[Directions for this task]: Each entry that follows is to be duplicated exactly, without its images.

Source data Start Marker

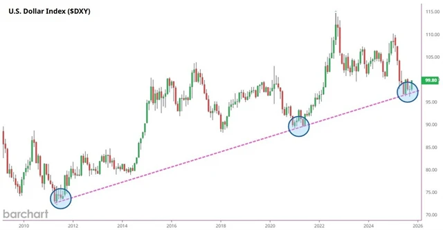 Technická analýza je složitá disciplína, ale také poměrně volná umělecká tvorba. Ti, kdo z jakýchkoli důvodů věří nebo chtějí věřit v sílu amerického dolaru, mohou nakreslit (prozatím potvrzenou) linii podpory takto. Technická analýza v mnohaletém horizontu je ale opravdu jen popis hlavních trendů, ne hledání signálů pro další významný pohyb.
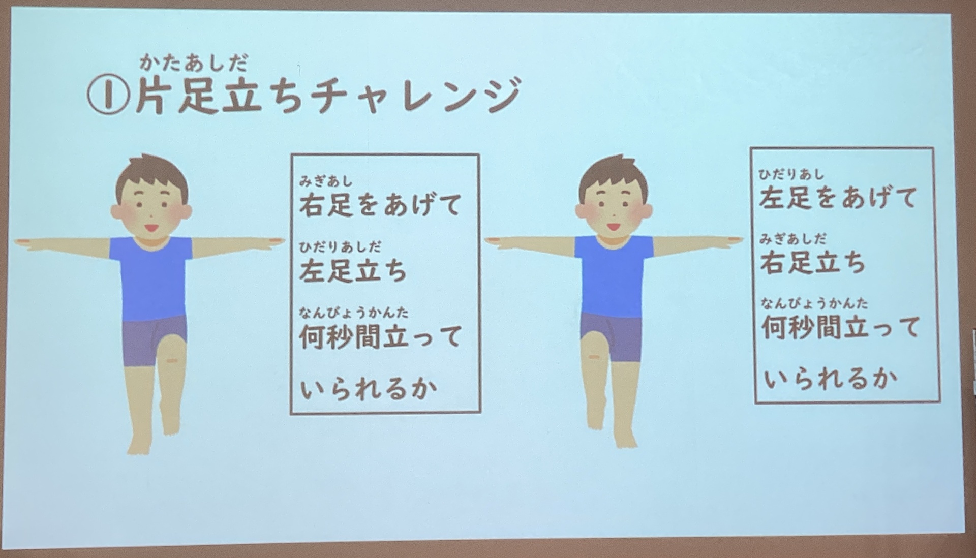 ①片足立ち②片足目つむり立ち③片足新聞乗せ立ち④片足新聞乗せ目つむり立ちの4種目行いました。
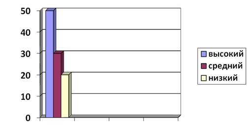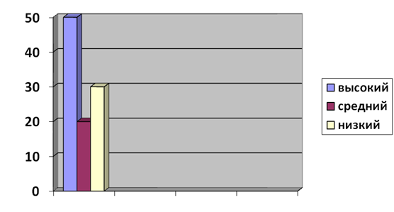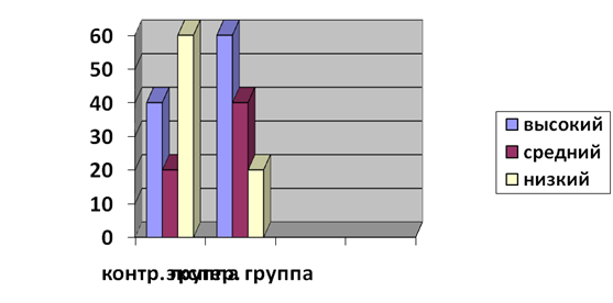 По результатам выполнения заданий I блока 50% (5 человек) показали высокий уровень успешности; 30% (три человека) показали средний уровень успешности, 20% (2 человек) показали низкий уровень успешности. Было выявлено, что при выполнении заданий I блока полностью справились дети контрольной группы, у всех детей высокий показатели. Они и составляют первую группу. 30% (три человека) имеют средний уровень успешности – дети экспериментальной группы. И 20% (2 человека) имеют низкий уровень успешности – дети экспериментальной группы. В ходе исследования было выяснено, что у всех детей экспериментальной группы (низкий и средний уровни) отсутствуют звуки [р] и [р`]. Результаты выполнения заданий II блока (исследование навыков словообразования) приведены в гистограмме (Рисунок 2) Рис. 2. Распределение испытуемых на группы по уровню сформированности навыков словообразования (%)
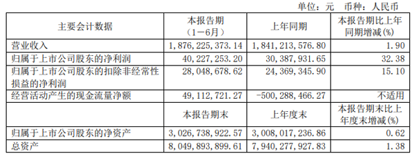 永鼎股份上半年營收18.76億元 同比增長1.9%
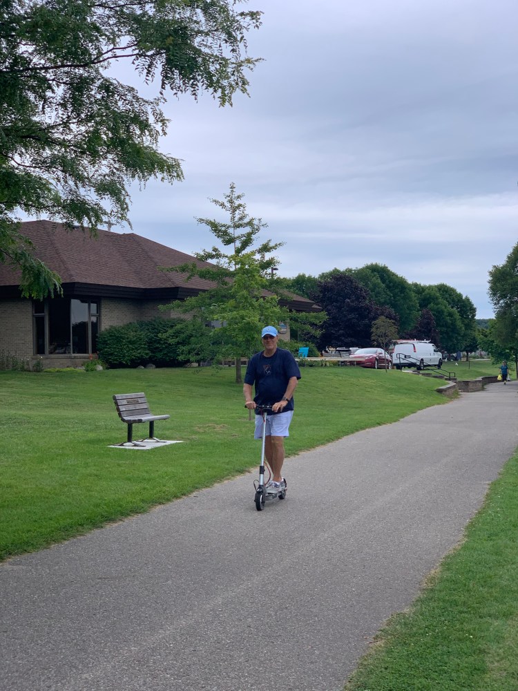 Frank and Deb swung by the boat to get their car we had borrowed last night. And soon Nick got his scooter to show Frank. We had Frank and Deb try out the scooters- – more than likely they will be an addition to the Kerrigan Class A motor home!
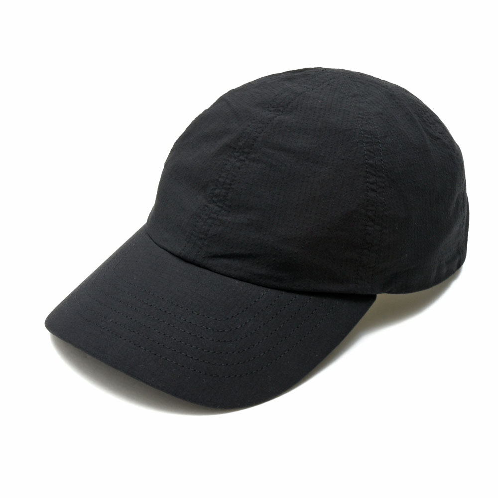 洗いをかけたコットンのリップストップ生地を採用したバケットハット、ブラックながらも軽やかな印象で被っていただける仕上がりに。

Source data End Marker

[Result of the task]:
 Technická analýza je složitá disciplína, ale také poměrně volná umělecká tvorba. Ti, kdo z jakýchkoli důvodů věří nebo chtějí věřit v sílu amerického dolaru, mohou nakreslit (prozatím potvrzenou) linii podpory takto. Technická analýza v mnohaletém horizontu je ale opravdu jen popis hlavních trendů, ne hledání signálů pro další významný pohyb.
 ①片足立ち②片足目つむり立ち③片足新聞乗せ立ち④片足新聞乗せ目つむり立ちの4種目行いました。
 По результатам выполнения заданий I блока 50% (5 человек) показали высокий уровень успешности; 30% (три человека) показали средний уровень успешности, 20% (2 человек) показали низкий уровень успешности. Было выявлено, что при выполнении заданий I блока полностью справились дети контрольной группы, у всех детей высокий показатели. Они и составляют первую группу. 30% (три человека) имеют средний уровень успешности – дети экспериментальной группы. И 20% (2 человека) имеют низкий уровень успешности – дети экспериментальной группы. В ходе исследования было выяснено, что у всех детей экспериментальной группы (низкий и средний уровни) отсутствуют звуки [р] и [р`]. Результаты выполнения заданий II блока (исследование навыков словообразования) приведены в гистограмме (Рисунок 2) Рис. 2. Распределение испытуемых на группы по уровню сформированности навыков словообразования (%)
 永鼎股份上半年營收18.76億元 同比增長1.9%
 Frank and Deb swung by the boat to get their car we had borrowed last night. And soon Nick got his scooter to show Frank. We had Frank and Deb try out the scooters- – more than likely they will be an addition to the Kerrigan Class A motor home!
 洗いをかけたコットンのリップストップ生地を採用したバケットハット、ブラックながらも軽やかな印象で被っていただける仕上がりに。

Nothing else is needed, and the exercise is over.